Zhehong Li 1,2,#, Liang Wang 1,2,#, Zheng Wang 1,2,#, Qiqige Wuyun 1,2, Buhe Amin 1,2, Dongbo Lian 1,2, Guangzhong Xu 1,2, Nengwei Zhang 1,2,, Dezhong Wang 1,2,
PMCID: PMC12302806  PMID: 40722092

Abstract

Background

Obesity is a chronic low-grade inflammatory condition. Laparoscopic sleeve gastrectomy (LSG) is a widely recognized intervention for weight management; however, the percentage of total weight loss (%TWL) achieved varies significantly among patients.

Objective

This study aims to develop a nomogram based on methylation sites associated with the inflammatory (INF) in intraoperative visceral adipose tissue (VAT) to predict %TWL at three years post-LSG.

Methods

Patients undergoing LSG were categorized into two groups based on their%TWL three years post-LSG: satisfactory (%TWL ≥25) and unsatisfactory (%TWL<25). Comparative analyses of 850K methylation microarrays from VAT samples were performed to identify methylation sites associated with INF-related genes. Differentially methylated sites were analyzed using least absolute shrinkage and selection operator, random forest, and support vector machine with recursive feature elimination analyses to identify key predictive methylation sites. A nomogram was subsequently developed using these hub methylation sites. The model's performance was assessed through receiver operating characteristic (ROC) curve analysis with bootstrap resampling, calibration curves, decision curve analysis (DCA), and clinical impact curves (CIC).

Results

Among 25 patients (11 satisfactory and 14 unsatisfactory), 151 differential INF-related methylation sites were identified. Two hub methylation sites, cg14027957 and cg20666492, were selected as predictors for the nomogram. Internal validation demonstrated excellent predictive performance, with an area under the curve (AUC) of 96.8%. The model also showed strong calibration and clinical utility.

Conclusion

The nomogram, based on two hub methylation sites, effectively predicts%TWL outcomes three years post-LSG. Its high predictive accuracy and clinical relevance suggest significant potential for guiding personalized treatment strategies in patients undergoing LSG

Supplementary Information

The online version contains supplementary material available at 10.1186/s12893-025-03073-7.

Keywords: Inflammatory response methylation sites, Percentage of total weight loss, Laparoscopic sleeve gastrectomy, Nomogram

Introduction

Obesity has become a global epidemic, impacting millions of people worldwide [13]. Although nutritional interventions, physical activity programs, and pharmaceutical treatments are available, these strategies often fail to deliver sustainable weight loss and metabolic regulation for many patients [4]. Bariatric surgery has emerged as a highly effective approach to managing obesity by reconstructing gastrointestinal anatomy, facilitating significant weight reduction, alleviating obesity-related comorbidities, and improving overall quality of life [5, 6]. Among bariatric procedures, laparoscopic sleeve gastrectomy (LSG) has gained prominence as the most commonly performed surgery worldwide [7].

The success of bariatric surgery is typically evaluated using the percentage of total weight loss (%TWL), with a %TWL threshold of ≥ 25% considered satisfactory [8]. However, 20–30% of patients experience unsatisfactory weight loss or weight regain within the first few years post-surgery [9]. Accurately predicting %TWL outcomes remains a significant challenge.

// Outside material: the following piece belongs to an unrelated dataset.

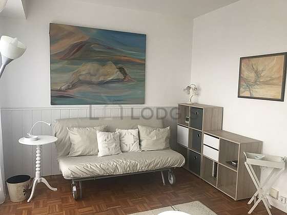SéjourCet appartement est composé d'un beau salon avec du parquet au sol et des fenêtres avec balcon et vue sur rue. Ce salon très calme est meublé et équipé pour rendre votre séjour agréable : télé, 1 fauteuil(s), table à manger, penderie, etagère, placard, 2 chaise(s), tabouret1 canapé(s) lit(s) de 160cm.

While traditional clinical indicators are readily accessible, their reliability in predicting long-term postoperative outcomes is limited [10]. Recent evidence suggests that early postoperative weight loss post-LSG correlates with long-term weight outcomes [11]. However, reliance on postoperative data introduces a significant time delay, highlighting the need for precise preoperative indicators to predict %TWL effectively.

Obesity is increasingly recognized as a chronic low-grade inflammation condition, characterized by persistent inflammatory responses (INF) within visceral adipose tissue (VAT) [12]. Initially, this inflammatory state acts as a defense mechanism against nutrient excess and an effort to restore metabolic homeostasis. However, over time, it contributes to tissue and organ dysfunction, exacerbating metabolic disturbances [13]. DNA methylation, an epigenetic mechanism that regulates gene expression, maintains genomic stability, and influences disease susceptibility, has been closely associated with obesity and its associated metabolic disorders [14, 15]. Emerging evidence highlights significant associations between imbalanced DNA methylation patterns in adipose tissue and the development of obesity and type 2 diabetes mellitus (T2DM) [16]. Epigenetic studies suggest that specific DNA methylation sites hold promise as biomarkers for predicting, diagnosing, and characterizing obesity and metabolic syndromes. Furthermore, they may play a critical role in optimizing weight loss treatments [17].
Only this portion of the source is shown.